An inequality using Sobolev norms

Question

Let $\| \cdot \|_{H^s(\mathbb R)}$ be the usual Sobolev norm in $\mathbb R$ and $r>0$. If we have $$ \|f\|_{L^\infty(\mathbb R)} \le \| f\|_{H^k(\mathbb R)} $$ for all $k>r$, then the inequality $$ \|f\|_{L^\infty(\mathbb R)} \le \| f\|_{H^r(\mathbb R)} $$ still hold?

Answer 1

This is not true. The $H^r$ norm controls the supremum of $f$ if and only if $2r>n$ where $n$ is the dimension of the space ($n=1$ in your case), by the Sobolev-Morrey embedding. In the borderline case $r=1/(2n)$ the embedding fails. This is typical of embeddings.

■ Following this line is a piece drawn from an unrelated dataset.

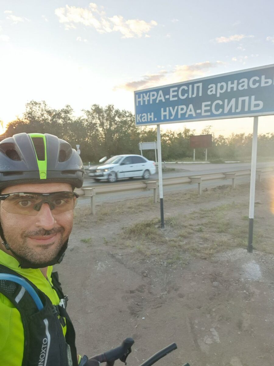 Лимит времени поджимал и были мысли отказаться от Обеда, но боясь, что сил не хватит до финиша все-таки пообедал в Нуре. Еда не лезла, но есть надо было. До села Кабанбая батыра, вымотанный, ехал со скоростью 20-25 км./ч. После, наконец-то ветер стих и до Астаны, зная, что в лимит времени уже точно вхожу, ехал спокойным темпом.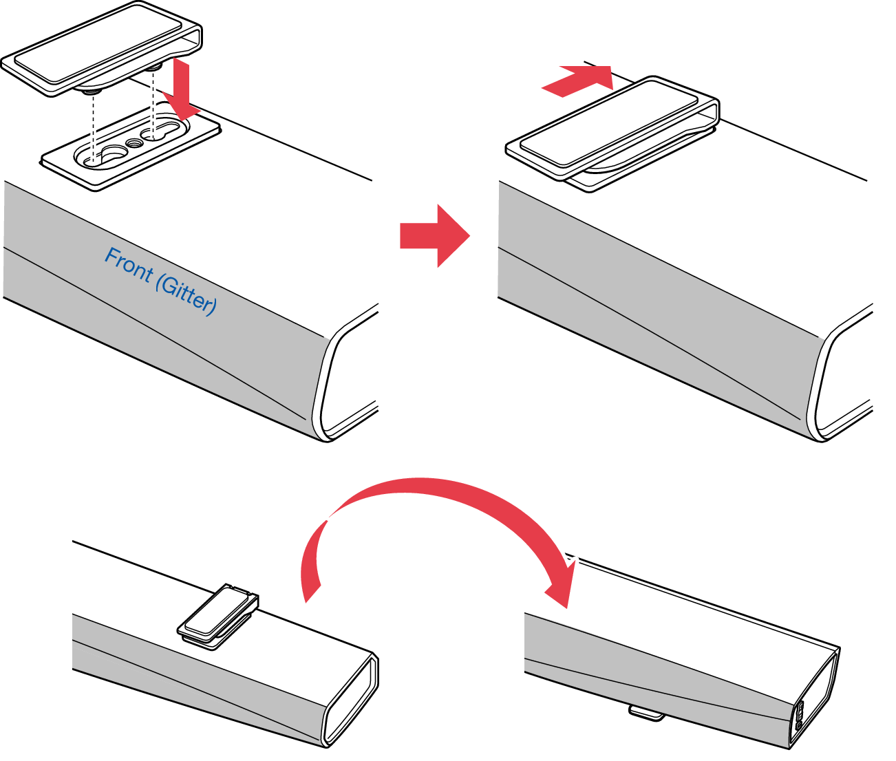 Bringen Sie die mitgelieferten Füße an, wenn Sie die HEOS Bar über dem Standfuß Ihres Fernsehers ausrichten müssen.

An example is easier to give in the periodic setting, on $\mathbb R/(2\pi \mathbb Z)$. Let $$f(x) = \sum_{n=2}^\infty \frac{1}{n \log n}\cos nx $$ Since $\sum_{n=2}^\infty \frac{1}{n \log n}$ diverges, $f$ is unbounded near $0$. On the other hand, $$ \|f\|_{H^{1/2}}^2 \approx \sum_{n=2}^\infty \frac{n}{n^2 \log^2 n} <\infty $$

To adapt this example to $\mathbb R$, you can multiply $f$ by $e^{-x^2}$, but the price to pay is the messier verification of $f\in H^{1/2}$.